Greenplum query fails and returns the following errors in the pg_log:
2014-08-04 08:32:33.385395 EDT,"rbrill","prod",p25878,th2078996240,"172.18.110.89","38974",2014-08-04 08:31:24 EDT,60891365,con3422256,cmd438,seg-1,,dx5877165,x60891365,sx1,"ERROR","58M01","Interconnect error writing an outgoing packet: Operation not permitted (seg89 slice1 sdw8:40005 pid=6858)","
So far, there are two types of known issues which can trigger this type of problem:
1. iptables are enabled on segments or master nodes and the buffer in ip_conntrack module is full.
iptables uses connection tracking table to track connections in the ip_conntrack module. ip_conntrack module uses portion of system memory and the memory buffer can be full if the number of tracked connections keeps growing.
To confirm this is the problem, you can verify if the iptables are running:
service iptables status
The following message can also be found in /var/log/messages:
Aug 3 12:53:54 sdw8 kernel: printk: 5 messages suppressed. Aug 3 12:53:54 sdw8 kernel: ip_conntrack: table full, dropping packet. Aug 3 12:53:59 sdw8 kernel: printk: 13 messages suppressed Aug 3 12:53:59 sdw8 kernel: ip_conntrack: table full, dropping packet.
2. Too many connections on the server.
The number of sessions (connection tracking entries that can be handled simultaneously by netfilter in kernel memory) exceeds the limit that is configured in net.ipv4.netfilter.ip_conntrack_max. To confirm that this is the problem, check if the /var/log/message contains the following log messages:
Jul 31 05:21:36 dsshen-seg03 kernel: [52117939.696465] nf_conntrack: table full, dropping packet.class="wysiwyg-color-black wysiwyg-font-size-medium" Jul 31 05:21:36 dsshen-seg03 kernel: [52117939.696527] nf_conntrack: table full, dropping packet. Jul 31 05:21:36 dsshen-seg03 kernel: [52117939.696623] nf_conntrack: table full, dropping packet.

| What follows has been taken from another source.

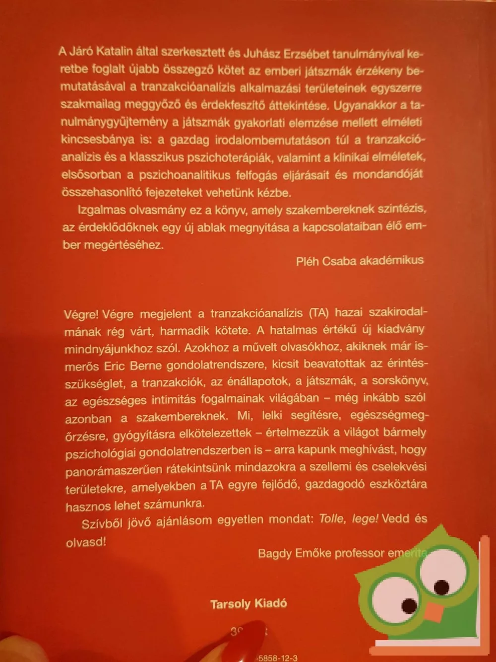 A játszmák játékos elemzését minden esetben a játszmákat meghaladó önállósodás és felnőtté válás bemutatása követi. A kötet ebben az optimizmusban is Buda Béla nyomdokain jár, akinek örökségéről Járó Katalin megemlékező tanulmánya ad életközeli képet.

1. If the problem was caused by memory buffer becoming full in ip_conntrack module, you will need to disable iptables on all the cluster nodes. Disabling iptables is a prerequisite for the Greenplum clusters. To do that, run the following commands on the nodes where the iptable is situated:
service iptables stop chkconfig iptables off
2. If the problem was caused by a large number of connections, you can try increase the value of net.ipv4.netfilter.ip_conntrack_max:
sysctl -w net.ip4.netfilter.ip_conntrack_max=655360 //RHEL 5 sysctl -w net.netfilter.nf_conntrack_max=655360 //RHEL 6+
To make the changes permanent, add the following in /etc/sysctl.conf:
net.ip4.netfilter.ip_conntrack_max=655360 //RHEL 5 net.netfilter.nf_conntrack_max=655360 //RHEL 6+
As a general best practice, you shouldn't allow too many connections on a server. A conntrack consumes 400 bytes in the kernel (see /proc/slabinfo), which means tracking 655360 connections would consume 262MB of RAM.